December 14, 2009 at 6:49 am
Why should I use this method versus using a good old fashioned Numbers table?
December 14, 2009 at 6:59 am
msaleem-583379 (12/14/2009)
I've used a function similar to MiddleDatestoTable in my apps, however I followed a different approach....
You do realize since your routine is a multi-statement TVF that the Quesry Optimizer will always treat the table returned y this function as if it has only one row regardless of the nuumber of rows actually returned?
This means if your function is returning more than a few hundred rows you won't be getting an optimal execution plan.
I discovered this with some AsOF multi-statement TVF's I developed. I had a query linking seven of this TVF together, and after 30 minutes, cancelled the query and modified (actually drop and create) the TVF from multi-statement to in-line TVF. Amazingly, the query then returned in four minutes.
I have to agree with Paul White, here we go with the discussions regarding what is the best string splitting functions. The use of a recursive CTE, however, is not very scalable. If you don't have a CLR TVF, which Paul indicates is the best, the next best is one based on a tally table. I have a function that actually contains its own tally table should you not have one.
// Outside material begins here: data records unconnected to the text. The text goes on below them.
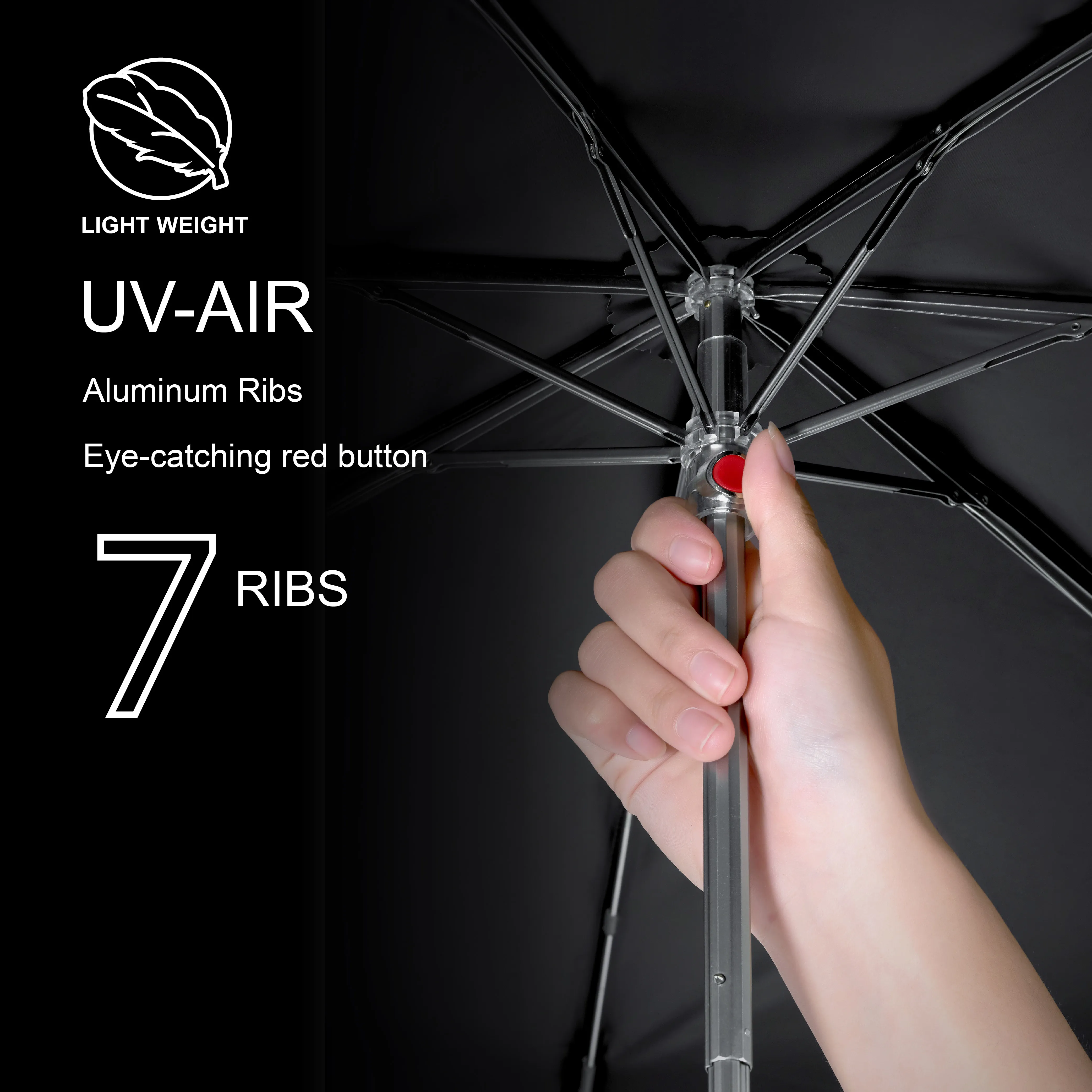 Built with a full aluminum frame and 7 ribs, this umbrella balances strength with weight. The sturdy structure resists bending while remaining light, providing reliable protection in both sunny and breezy conditions. The ergonomic plastic handle ensures a comfortable, secure grip for effortless use.
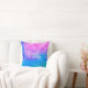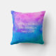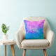 The pillow has an elegant colorful watercolor background with vivid colors: electric pink, blue, and green, along with touches of white.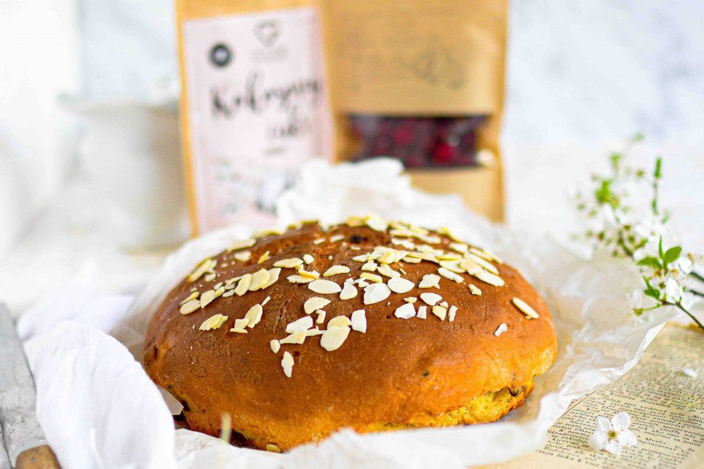 Zatím si do větší misky prosejeme polohrubou a hladkou mouku, přidáme vanilkový, krystalový cukr, citrónovou kůru, máslo, špetku soli. Když máme kvásek připravený přidáme ho do mísy a uhněteme na hladké, nelepivé těsto. Do těsta postupně přidáváme plátky mandlí, rozinky a brusinky (pořádně okapané od rumu).

December 14, 2009 at 7:23 am
Rob Fisk (12/14/2009)
Pretty certain I found this based on another article here somewhere but cannot find it to give credit.
I believe that must be a Jeff Moden article, unless I'm mistaken?
December 14, 2009 at 7:37 am
I'd like to do a poll and find out what most people call it - a "tally" table, a "numbers" table, a "helper" table or what. It would be interesting to know.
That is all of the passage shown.